The mean age of the patients was 66.6 (57-75) years. According to the D'Amico classification, 36% of patients were at low risk, 48% at intermediate risk, and 16% at high risk. Bilateral or unilateral nerve-sparing procedure was performed in 76% of the patients. There were no intraoperative complications. A total of 9 (18%) patients had a postoperative complication (7 with grade 1, 1 with grade 2, and 1 with grade 3 complications). Whereas 32% of the patients had an extraprostatic extension, 22% had seminal vesicle invasion.

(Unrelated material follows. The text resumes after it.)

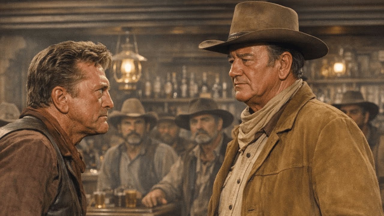 The glass exploded against the bar, missing Kirk Douglas’s head by inches. John Wayne stood frozen 10 ft away, arm still extended from the throw, his face twisted with a kind of anger no one on that set had ever seen before. You want to tell me how to play this scene again. Wayne’s voice cut through the saloon like a gunshot.

The overall positive surgical margin rate was 26%. At 1 week, 1 month, and 3 months after surgery, 64%, 80%, and 92% of men who underwent RS-RALP were continent, respectively.

CONCLUSION

Our study showed that this new surgical technique can be a safe and feasible method because high rates of early continence were achieved in the patients who underwent RS-RALP without increasing the risk of complications.

摘要

目的

在本研究中,我们旨在呈现我院首批50例因前列腺腺癌接受保留Retzius间隙机器人辅助腹腔镜根治性前列腺切除术(RS-RALP)患者的围手术期和术后结局以及早期控尿率。

材料与方法

2018年12月至2019年12月期间,我院2名外科医生为50例患者实施了RS-RALP,并将其纳入本研究。对术前、围手术期和术后临床数据进行回顾性分析。根据Clavien-Dindo分类法对特定手术并发症进行分级。在拔除导尿管后的第1周、1个月和3个月记录患者的控尿状态。每天使用零片或1片安全护垫被视为完全控尿。

结果

患者的平均年龄为66.6(57 - 75)岁。根据D'Amico分类,36%的患者为低风险,48%为中风险,16%为高风险。76%的患者进行了双侧或单侧神经保留手术。术中无并发症发生。共有9例(18%)患者出现术后并发症(7例为1级,1例为2级,1例为3级并发症)。32%的患者有前列腺外侵犯,22%有精囊侵犯。总体手术切缘阳性率为26%。在接受RS-RALP手术的男性患者中,术后1周、1个月和3个月时的控尿率分别为64%、80%和92%。

结论

我们的研究表明,这种新的手术技术可以是一种安全可行的方法,因为接受RS-RALP手术的患者早期控尿率高,且未增加并发症风险。